Entre as 18h e as 21h foram recolhendo as ofertas de alimentos dos seus associados quando iam levar os filhos ao treino. “Vivemos um tempo em que não sabemos se o nosso vizinho do lado não estará a precisar de ajuda”, salienta Tânia Barnabé.

A sua experiência profissional faculta-lhe uma visão mais precisa sobre as dificuldades que passaram a marcar a vida de muitas famílias, que “até agora tinham uma vida estável”. A experiência diz-lhe que muitas vezes as dificuldades não se assumem por vergonha ou pudor.

“Se antes da pandemia já era difícil socorrer quem é pobre, com o confinamento tornou-se dramático”, vinca a dirigente do Desportivo de Beja, retratando a realidade que observa: “Agora juntam-se analfabetos, licenciados e estudantes”, pessoas que não estão abrangidas pelo Rendimento Social de Inserção e têm de pagar rendas de casa e não têm condições para assegurar duas refeições diárias. Mais grave é quando as famílias estão confrontadas com um dilema: “O pão passou a ser prioritário em detrimento dos medicamentos”, observa Tânia Barnabé.

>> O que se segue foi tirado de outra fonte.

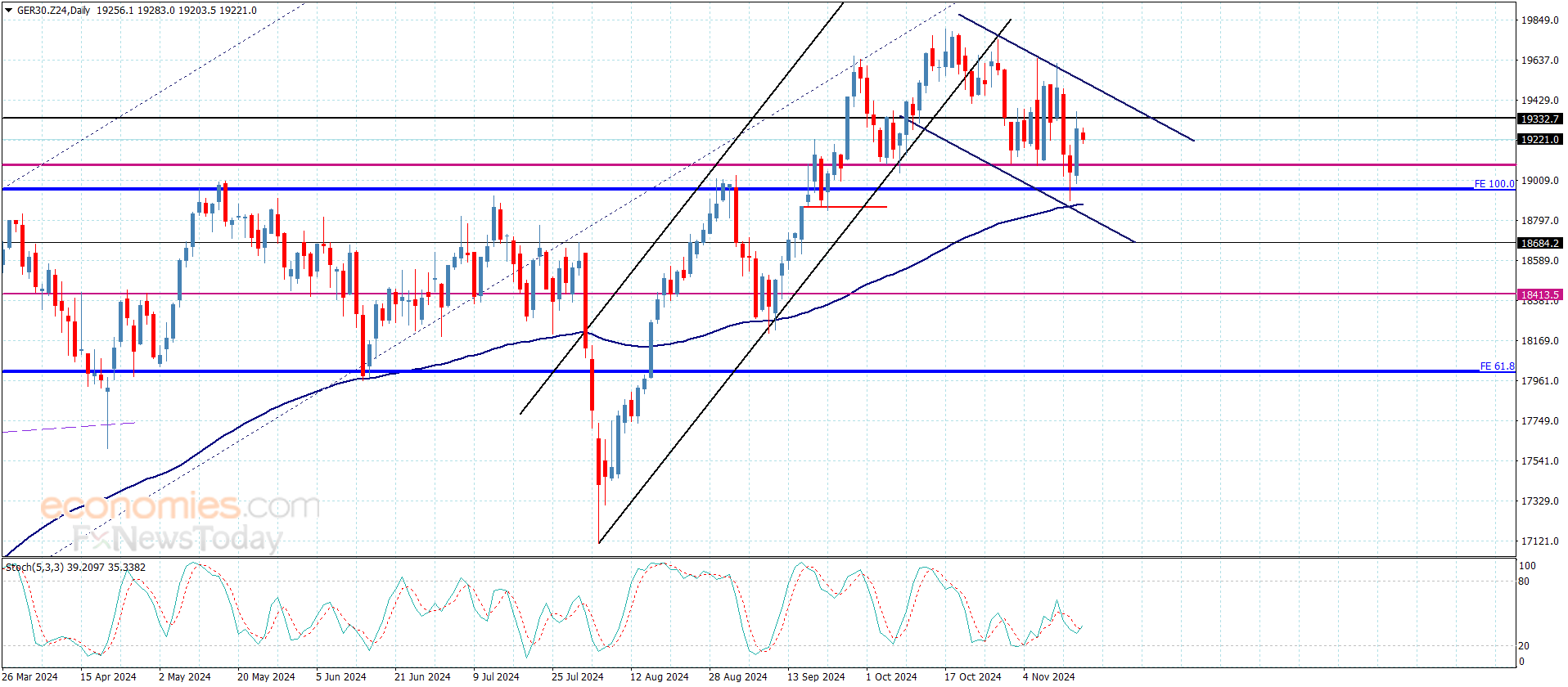 استغل سعر المؤشر بتداولات يوم أمس تقديم مؤشر ستوكاستيك للعزم الإيجابي ليشكل ارتداد صاعد قوي باستهدافه لمستوى 19370.00 ومن ثم ليرتد مباشرة بشكل سلبي نحو 19200.0.
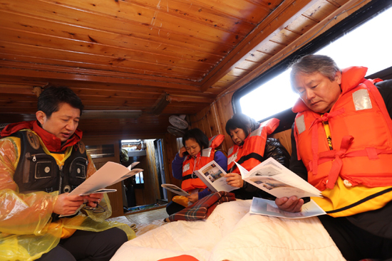 | ▲지난 4월 3일 팽목항에서 출발하여 이동 중인 선상에서 대한성공회 유시경 신부가 묵상 기도회를 인도하고 있는 장면. ⓒ베리타스 DB |
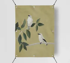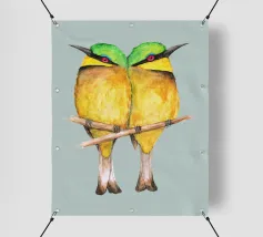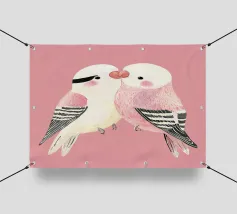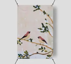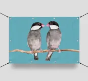 A watercolor drawing of two Java sparrows. They sit next to each other on a long stick and touch each other with the tips of their beaks.
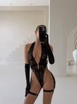Цей спокусливий мереживний боді - справжня знахідка для тих, хто любить сміливість і естетику в одному флаконі🤍Глибокий виріз, відкриті стегна, грація ліній - ідеальний look для особливих вечорів❤️🔥У комплекті: боді, рукавички та стрічки-підтяжки, гартери.Матеріал: ніжне французьке мереживо.Завʼязується на шиї, що дозволяє регулювати посадку.
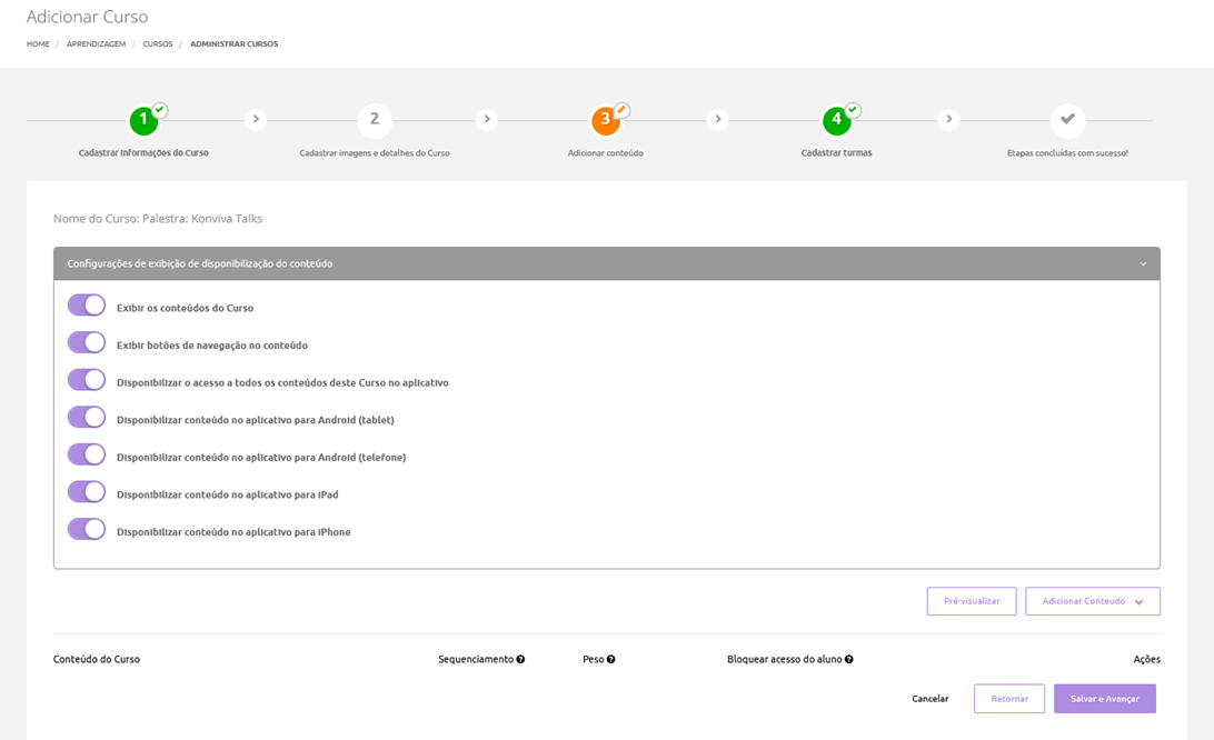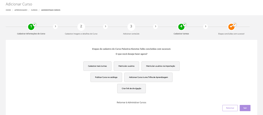 Para isso, nesta última tela disponibilizamos todos os recursos que você pode realizar com o seu curso criado, como:

“As maiores dificuldades vamos registá-las em Fevereiro” antecipa Tadeu de Freitas. Depois dos acontecimentos que marcaram negativamente o apoio a Pedrogão “perdemos apoios e verificámos que quem ajudava tem agora relutância em fazê-lo por recearem que a ajuda que podem prestar não chegue a quem se destina. Já não se acredita no mediador Estado”, conclui o presidente do BACF de Beja.